Passing multithread=True explicitly instructs Qiling to enable threading support for emulated binaries that use multiple threads, which is required in this case as httpd is using pthreads.

Starting off with verbose=QL_VERBOSE.DEBUG gives a better understanding of how the binary operates as all syscalls (and arguments) are logged.

Running this code presents an issue. Nothing printed to stdout by httpd is shown in the terminal. The very first line of code in the httpd main function uses puts() to print a banner, yet this output cannot be seen.
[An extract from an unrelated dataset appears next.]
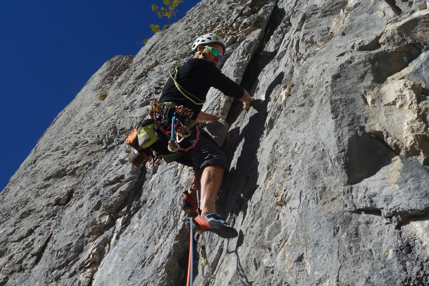 1. SL: Den herrlichen Piazriss gerade hinauf (6+, 6), kurz etwas leichter (5) und rechts zu einer Platte. Über diese (6/6+) zum Stand auf dem Absatz unter gelber Wand. (35 m, 6+, 10 BH)

This is where Qiling hooks can be very useful. Instead of calling the real puts() function inside of the extracted libc a hook can be used to override the puts() implementation and call a custom Python implementation instead. This is achieved using the set_api() function Qiling provides, as show in the code snippet below.

def puts_hook(ql: Qiling):
params = ql.os.resolve_fcall_params({'s': STRING})
ql.log.warning(f"puts_hook: {params['s']}")
return 0

def main():

  ... snip ...

  ql.os.set_api("puts", puts_hook, QL_INTERCEPT.CALL)

  ... snip ...

Every call to puts() is now hooked and will call the Python puts_hook() instead. The hook resolves the string argument passed to puts() and then logs it to the terminal. Since QL_INTERCEPT.CALL is used as the last argument to set_api() then only the hook is called and not the real puts() function. Hooks can also be configured to not override the real function by using QL_INTERCEPT.ENTER / QL_INTERCEPT.EXIT instead.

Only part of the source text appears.